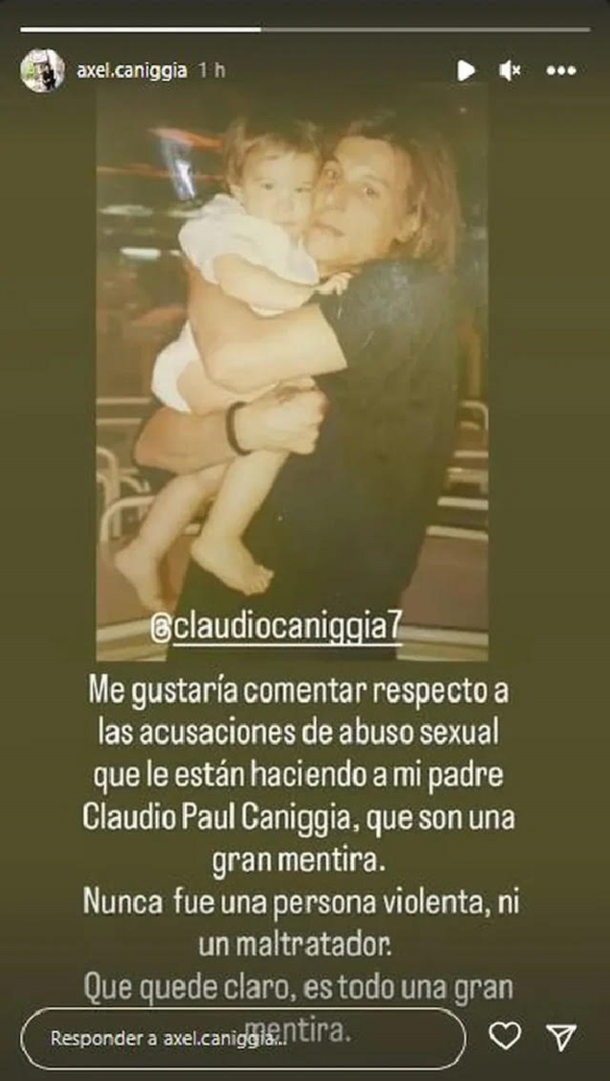 “Me gustaría comentar respecto a las acusaciones de abuso sexual que le están haciendo a mi padre, Claudio Paul Caniggia, que son una gran mentira. Nunca fue una persona violenta ni un maltratador. Que quede claro, es todo una gran mentira" escribió en una historia de Instagram junto a una foto a upa de su papá.
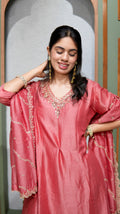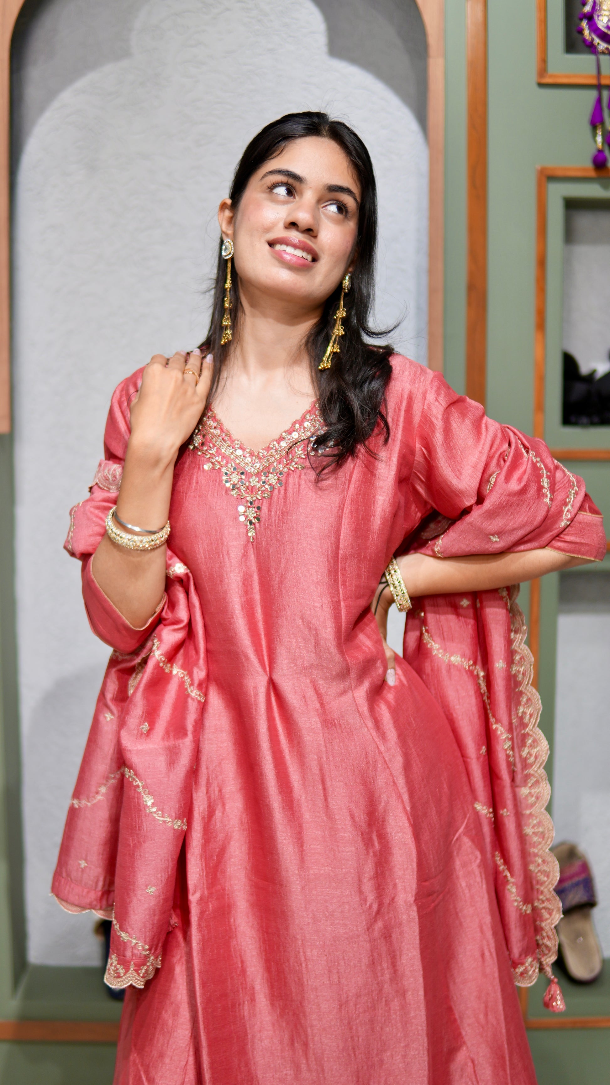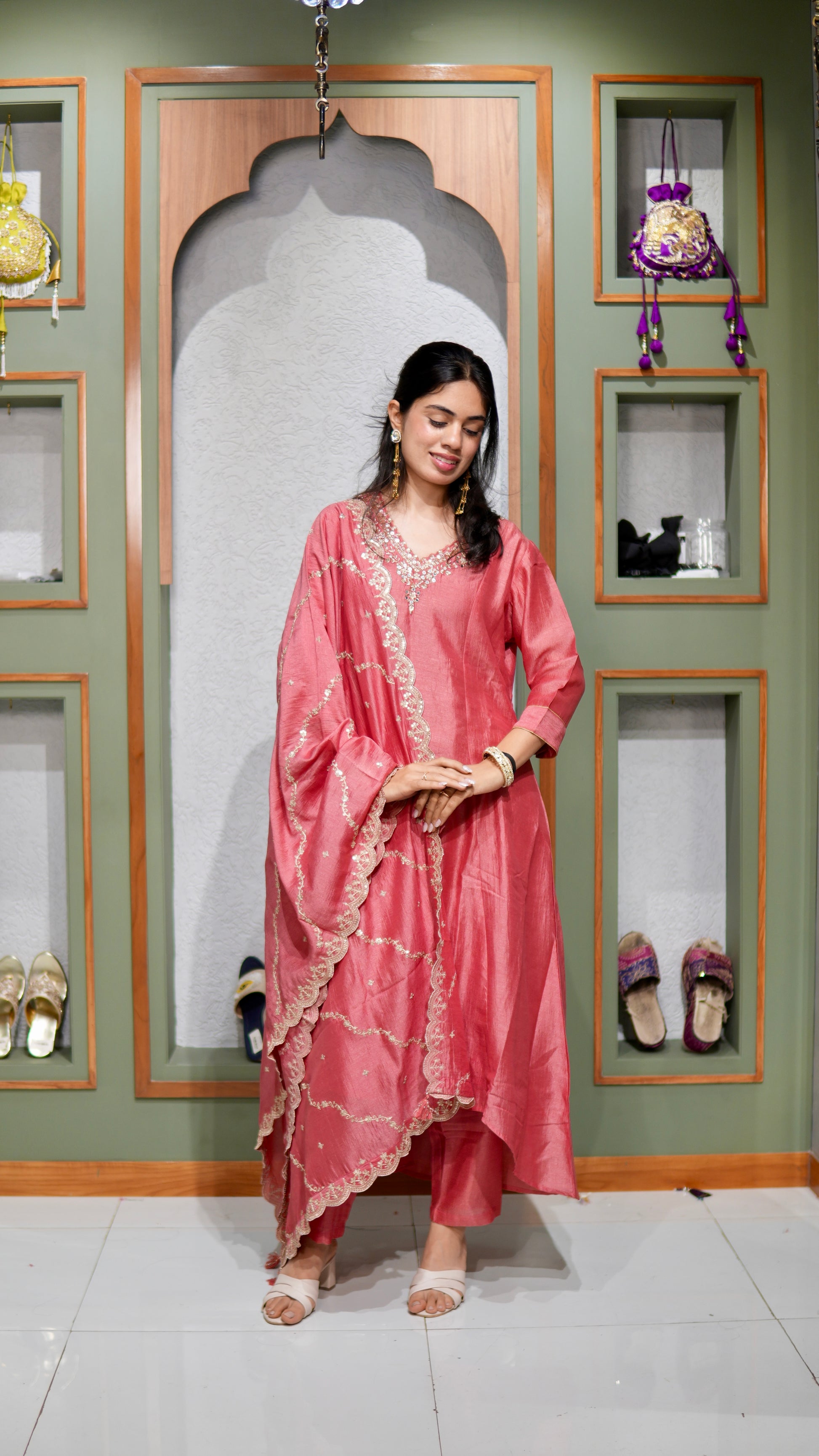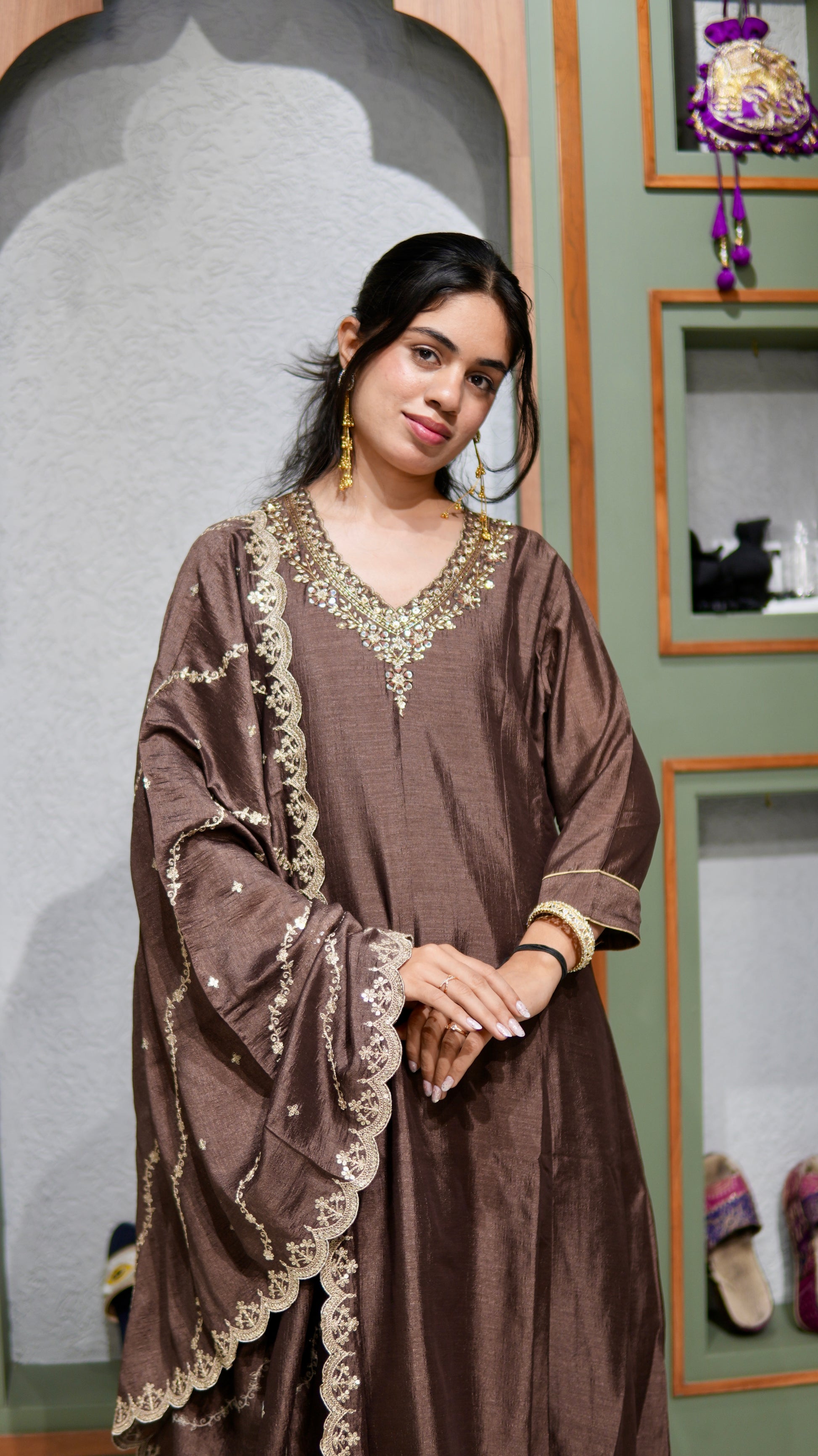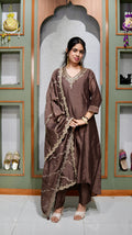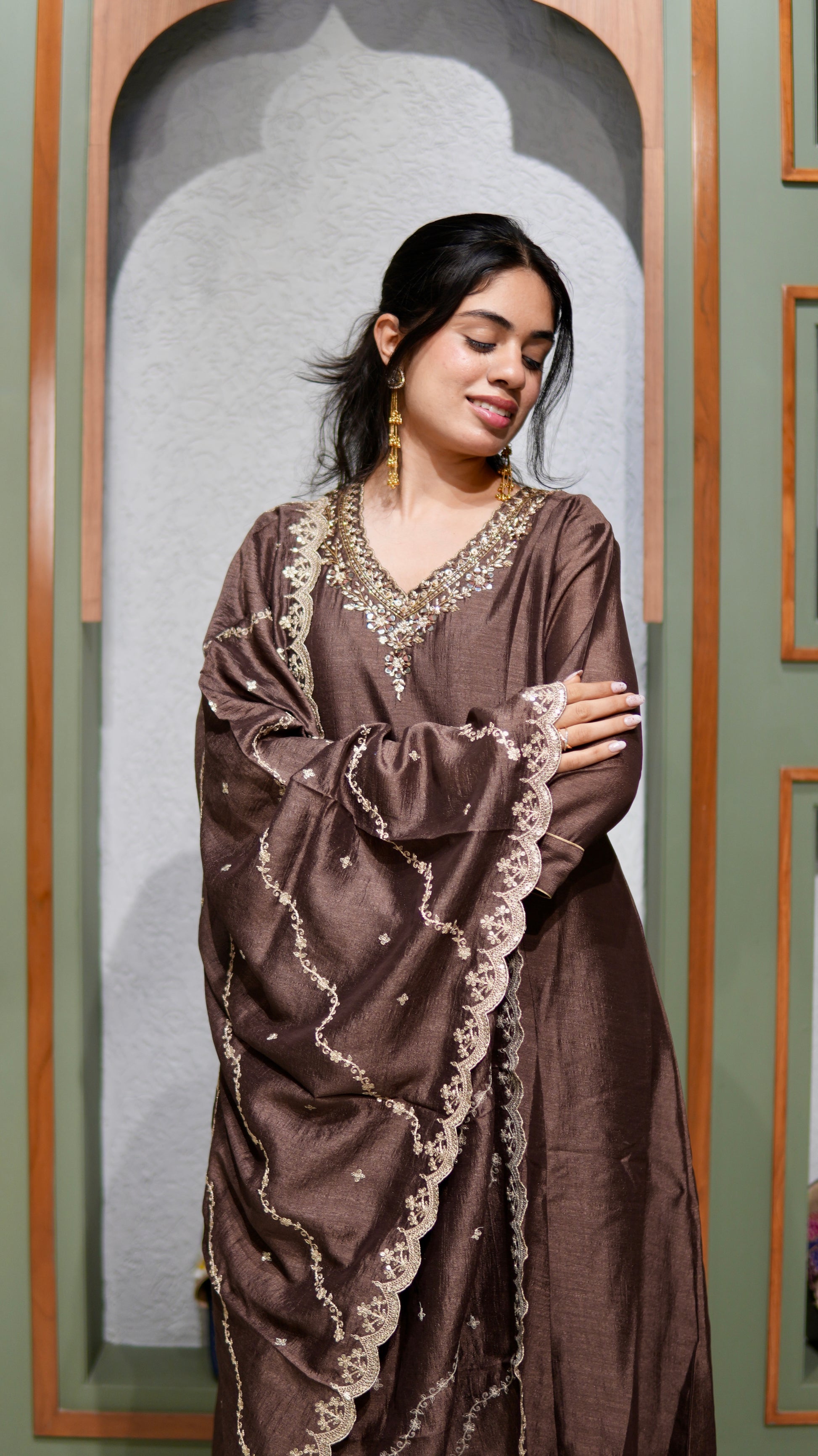 The kurta is crafted in a premium silk-based fabric that offers a soft natural sheen and fluid drape, allowing the outfit to move gracefully with every step. The design focuses on balanced elegance, where intricate handwork enhances the beauty of the garment without overpowering its minimal sophistication. The neckline is highlighted with detailed hand embroidery, carefully executed to bring depth, texture, and a touch of heritage artistry to the ensemble. The silhouette is thoughtfully tailored to provide a flattering fall while ensuring comfort for long hours of wear.
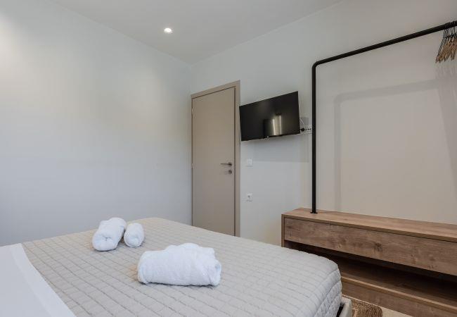 The outdoor spaces of Ouranos Villa are designed for leisure and enjoyment. The highlight is a sparkling 42-square-meter swimming pool, complete with a children’s pool for younger guests. Surrounding the pool are two comfortable lounge areas and a dining area, perfect for al fresco meals or simply unwinding under the sun. A barbecue area invites guests to savor grilled delicacies, while the lush garden, adorned with trees, enhances the tranquil ambiance. The fenced garden ensures safety and privacy for families and groups.
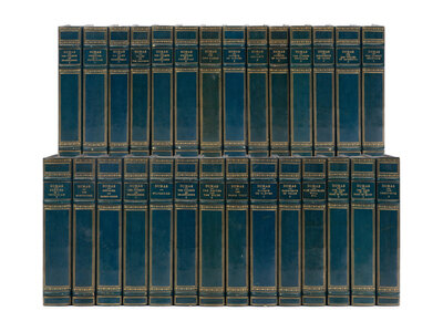 60 volumes, 8vo. Frontispieces and plates, each with printed captions. Contemporary half blue morocco, marbled boards, French spines with 4 compartments and 3 raised bands, gilt-lettering in one, others gilt framed, top edges gilt, stamp-signed by Bumpus (spines a bit yellowed). Provenance: A.C.W. (morocco book label).

━━━━━━━━━━━━━━━━

EXERCISE: Retype each line of the data exactly, beginning with the first; include the line containing "The kurta is" and stop there, skipping every picture.

WRITTEN SOLUTION:
 “Me gustaría comentar respecto a las acusaciones de abuso sexual que le están haciendo a mi padre, Claudio Paul Caniggia, que son una gran mentira. Nunca fue una persona violenta ni un maltratador. Que quede claro, es todo una gran mentira" escribió en una historia de Instagram junto a una foto a upa de su papá.
 The kurta is crafted in a premium silk-based fabric that offers a soft natural sheen and fluid drape, allowing the outfit to move gracefully with every step. The design focuses on balanced elegance, where intricate handwork enhances the beauty of the garment without overpowering its minimal sophistication. The neckline is highlighted with detailed hand embroidery, carefully executed to bring depth, texture, and a touch of heritage artistry to the ensemble. The silhouette is thoughtfully tailored to provide a flattering fall while ensuring comfort for long hours of wear.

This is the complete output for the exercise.